┏━━
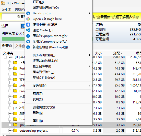 操作完成后,我回到 WizTree,再次右键同一个文件夹,菜单“唰”一下就弹出来了,完全不卡顿。问题解决。
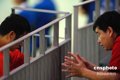 8月12日,北京奧運(yùn)會(huì)男子50米手槍比賽在北京射擊館開戰(zhàn),譚宗亮和林忠仔代表中國(guó)射擊隊(duì)出戰(zhàn)。圖為在資格賽中,主教練王義夫臨場(chǎng)指導(dǎo)譚宗亮。中新社發(fā) 盛佳鵬 攝
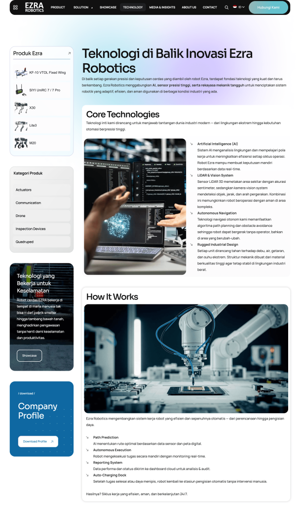 PasBay melakukan transformasi digital melalui revamp website Ezra Robotics dengan pendekatan strategis berbasis industri. Fokus utama adalah memperkuat identitas brand sebagai technology-driven industrial company, meningkatkan struktur navigasi dan konten agar lebih terarah, serta mengoptimalkan SEO untuk meningkatkan visibilitas digital. Website kini tampil lebih modern, scalable, dan siap menjadi fondasi pertumbuhan digital jangka panjang.
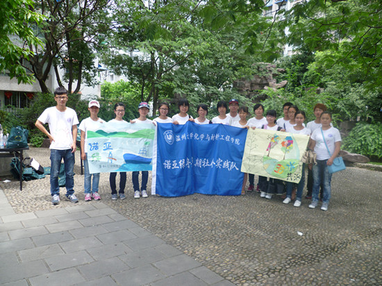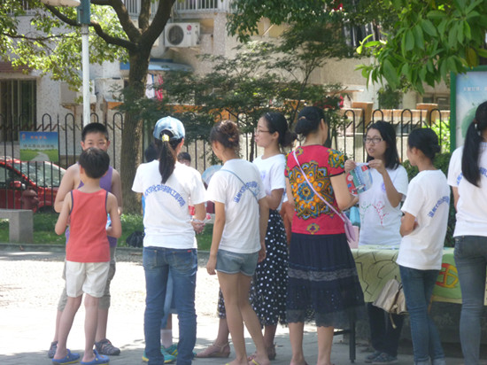 2014年7月8日,温州大学化学与材料工程学院“诺亚绿舟”暑期社会实践队的队员们来到了温州市南浦街道清风社区向温州市民们普及五水共治知识。
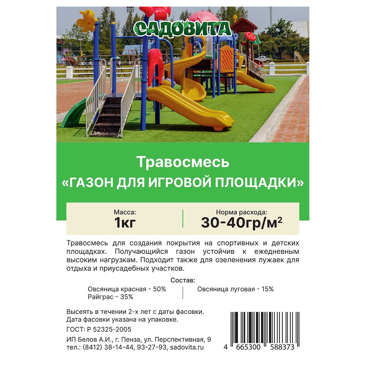 Травосмесь "Газон для игровой площадки" Садовита 1кг
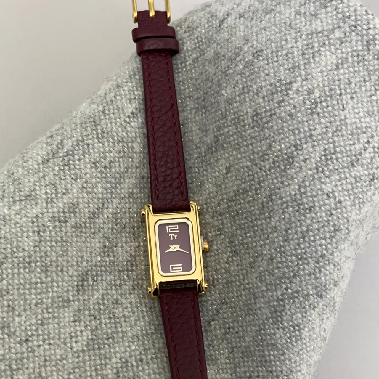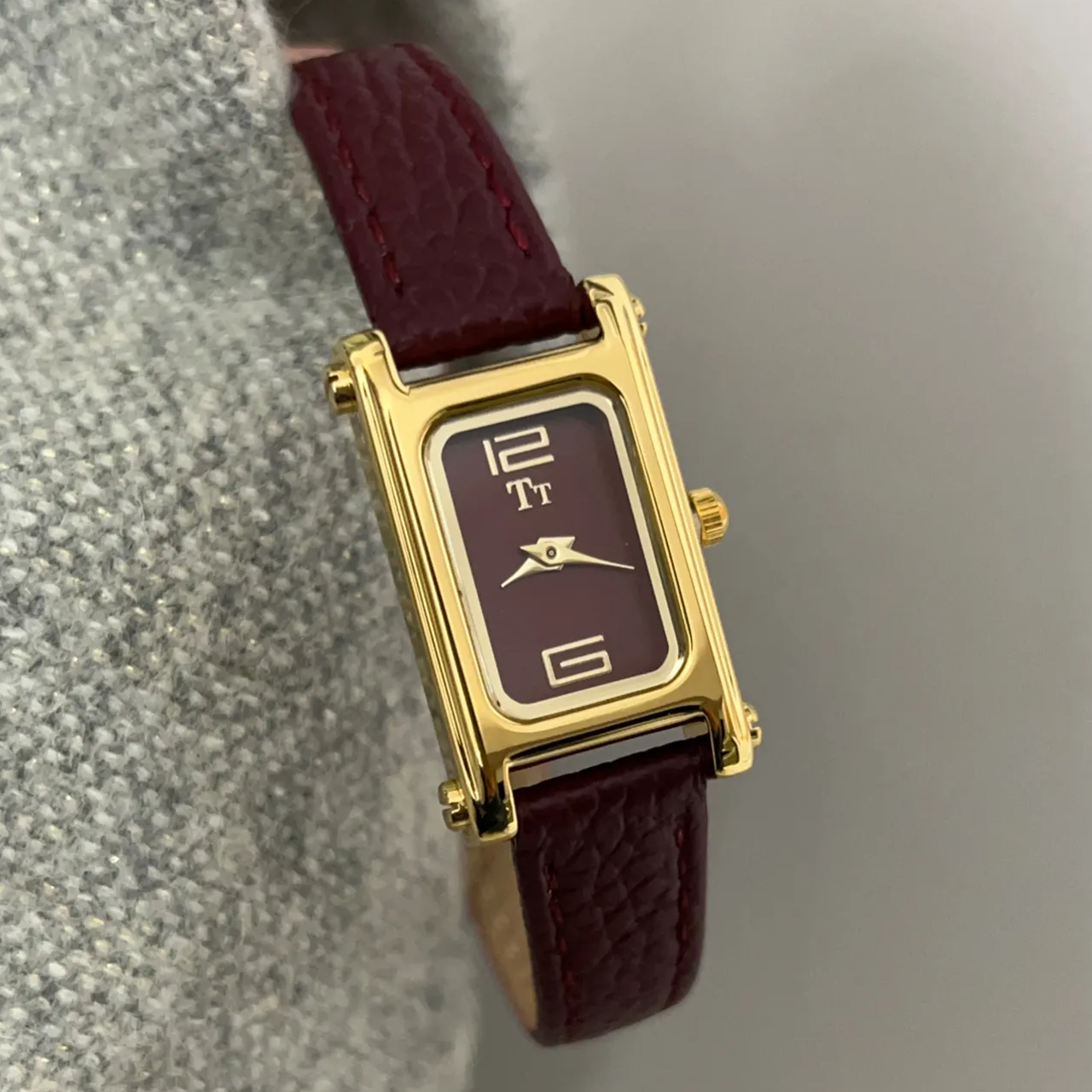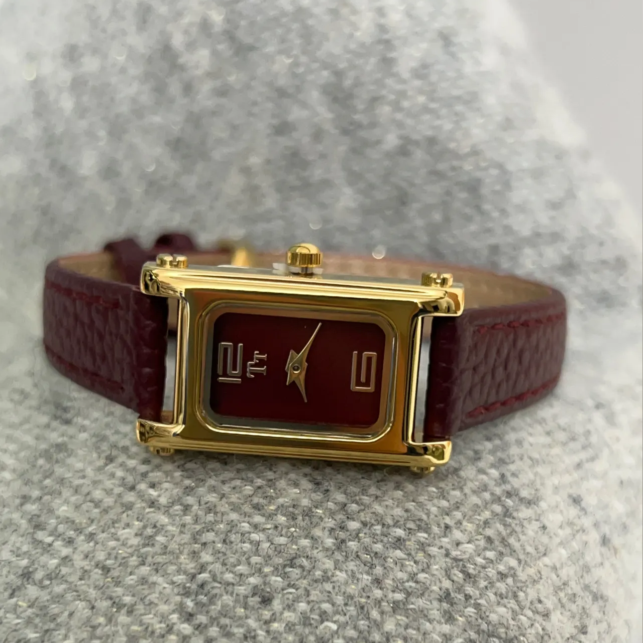Vintage Luxury: Angora Red Leather Square Quartz Watch
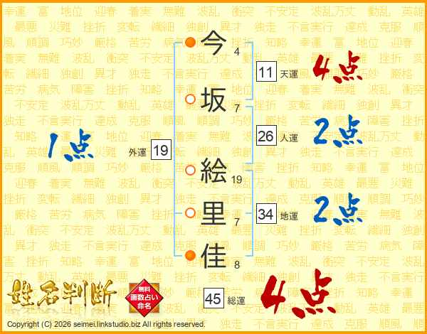 今坂絵里佳さんの総運は45画の4点!
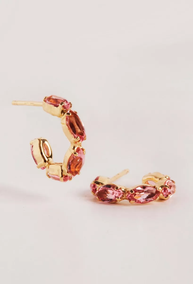 Pendientes plata de primera ley bañados en oro de 18 kilates, en estos pendientes destacan los 5 cristales color rosa tallados en forma marquesa y sujetos por un engaste de 4 garras.
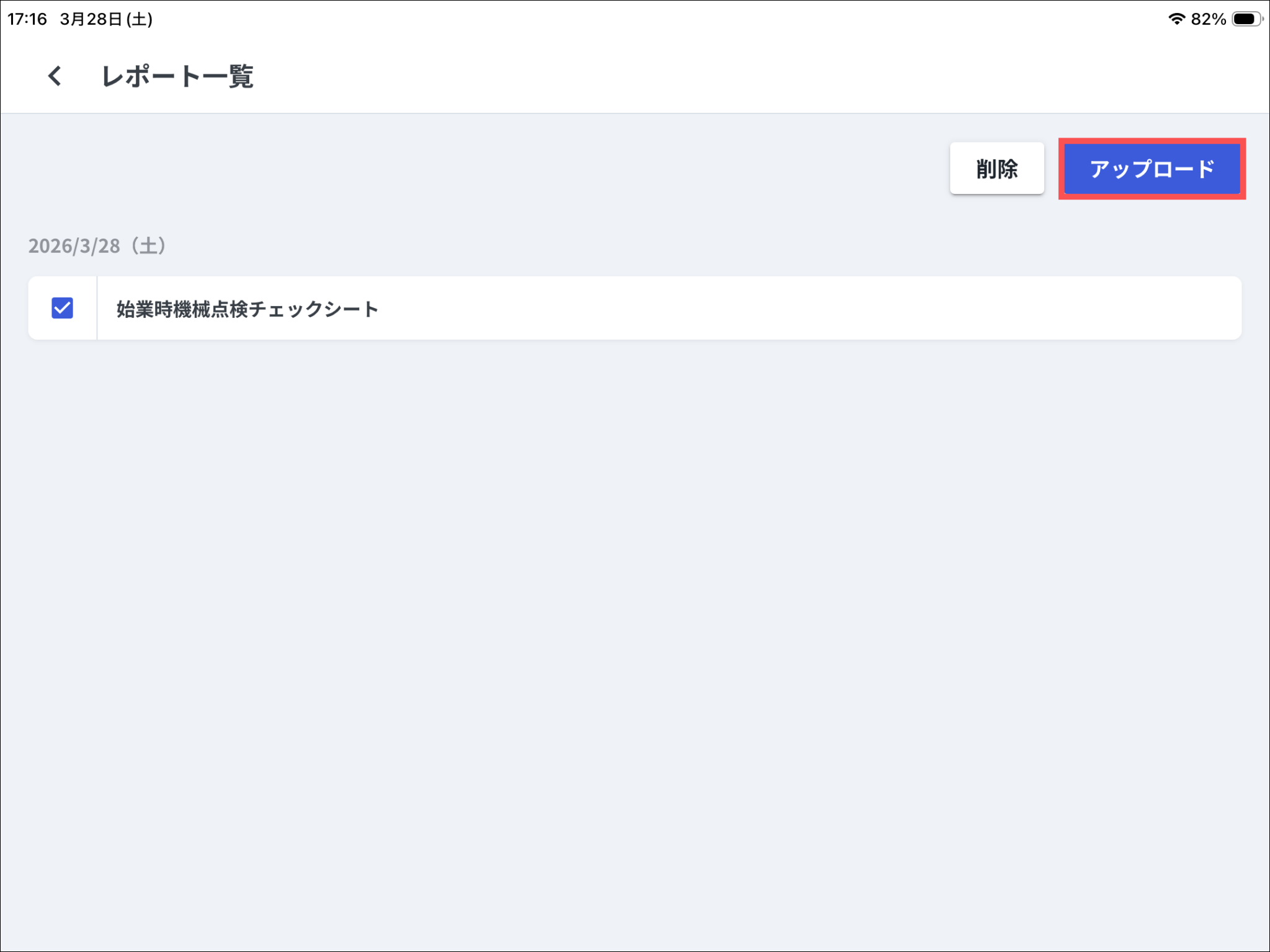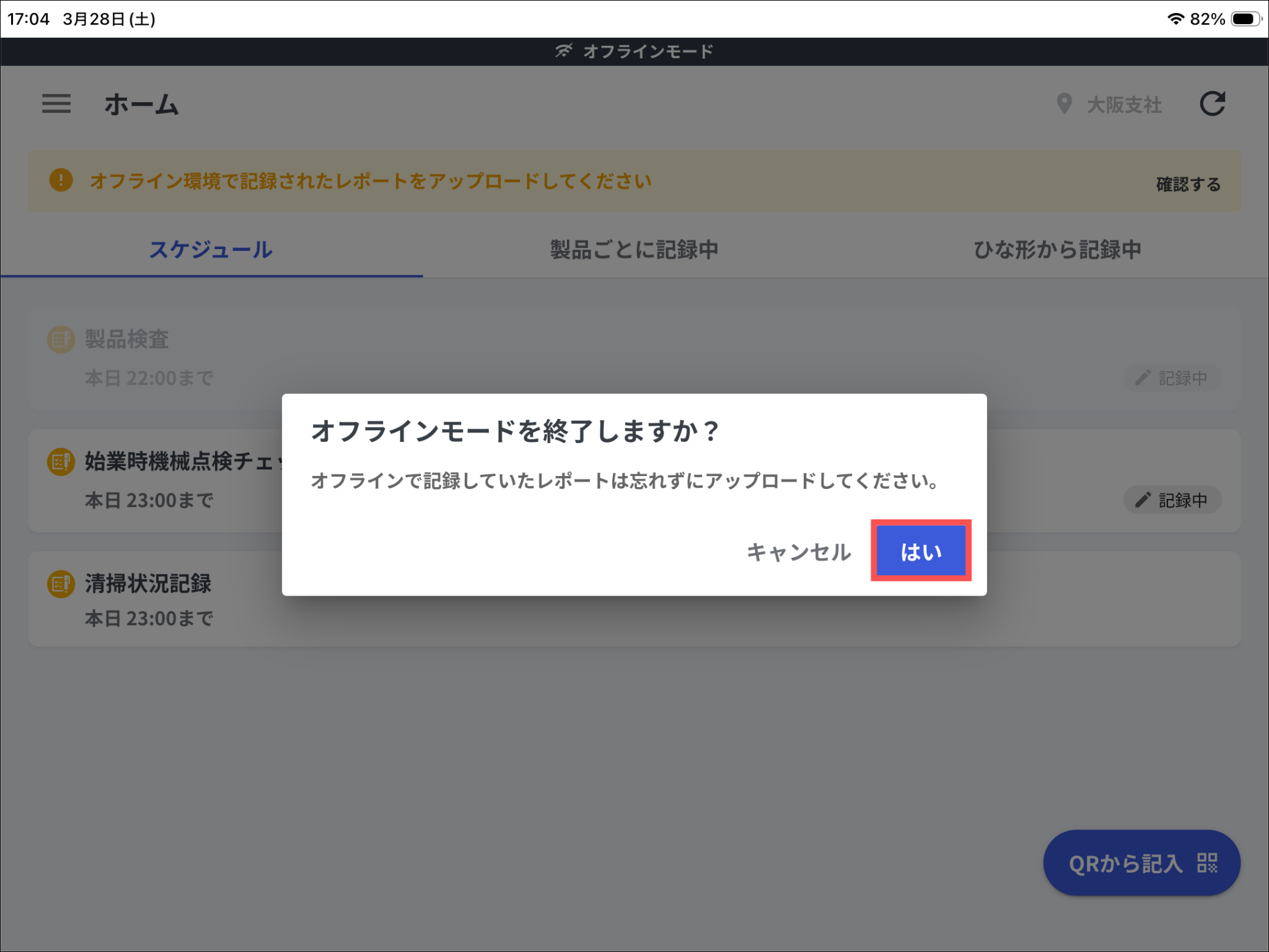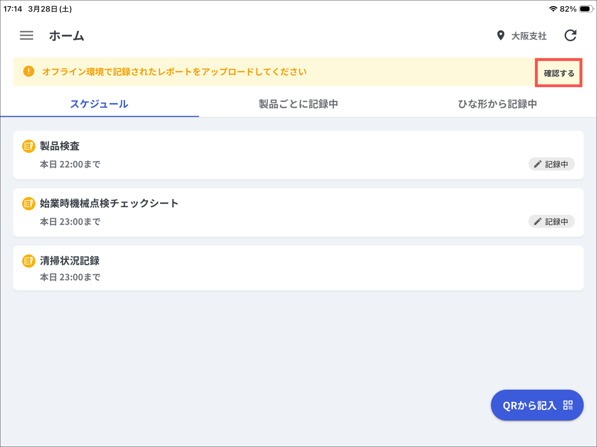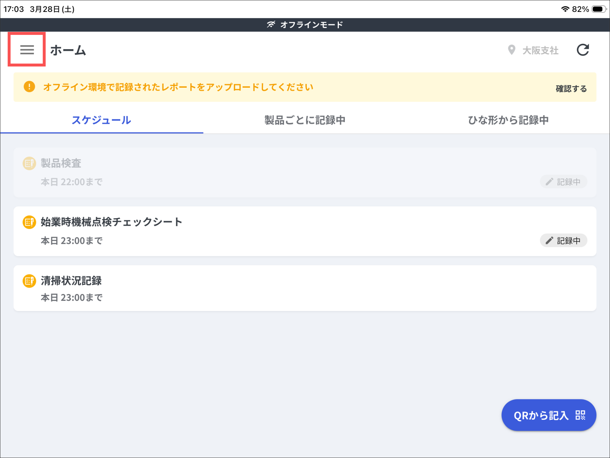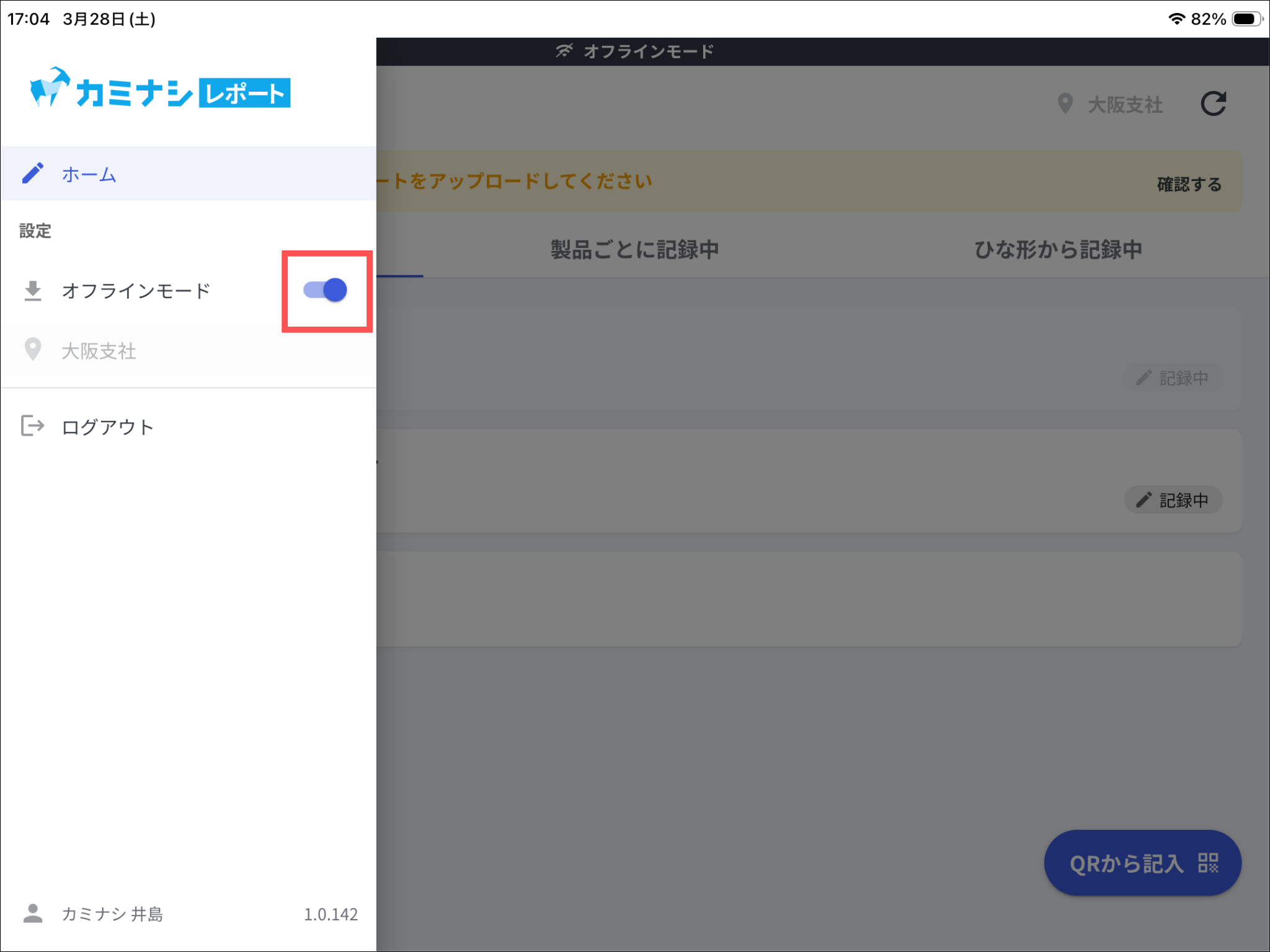オフラインモード中にレポートを保存(一時保存・提出)した現場では、「オフライン環境で記録されたレポートをアップロードしてください」と表示されます。
┗━━
Write out the lines of the entries above exactly, beginning with the first and ending with the line that contains "今坂絵里佳さんの総運は45画の4点!". No picture goes in.

Solution to this problem →
 操作完成后,我回到 WizTree,再次右键同一个文件夹,菜单“唰”一下就弹出来了,完全不卡顿。问题解决。
 8月12日,北京奧運(yùn)會(huì)男子50米手槍比賽在北京射擊館開戰(zhàn),譚宗亮和林忠仔代表中國(guó)射擊隊(duì)出戰(zhàn)。圖為在資格賽中,主教練王義夫臨場(chǎng)指導(dǎo)譚宗亮。中新社發(fā) 盛佳鵬 攝
 PasBay melakukan transformasi digital melalui revamp website Ezra Robotics dengan pendekatan strategis berbasis industri. Fokus utama adalah memperkuat identitas brand sebagai technology-driven industrial company, meningkatkan struktur navigasi dan konten agar lebih terarah, serta mengoptimalkan SEO untuk meningkatkan visibilitas digital. Website kini tampil lebih modern, scalable, dan siap menjadi fondasi pertumbuhan digital jangka panjang.
 2014年7月8日,温州大学化学与材料工程学院“诺亚绿舟”暑期社会实践队的队员们来到了温州市南浦街道清风社区向温州市民们普及五水共治知识。
 Травосмесь "Газон для игровой площадки" Садовита 1кг
Vintage Luxury: Angora Red Leather Square Quartz Watch
 今坂絵里佳さんの総運は45画の4点!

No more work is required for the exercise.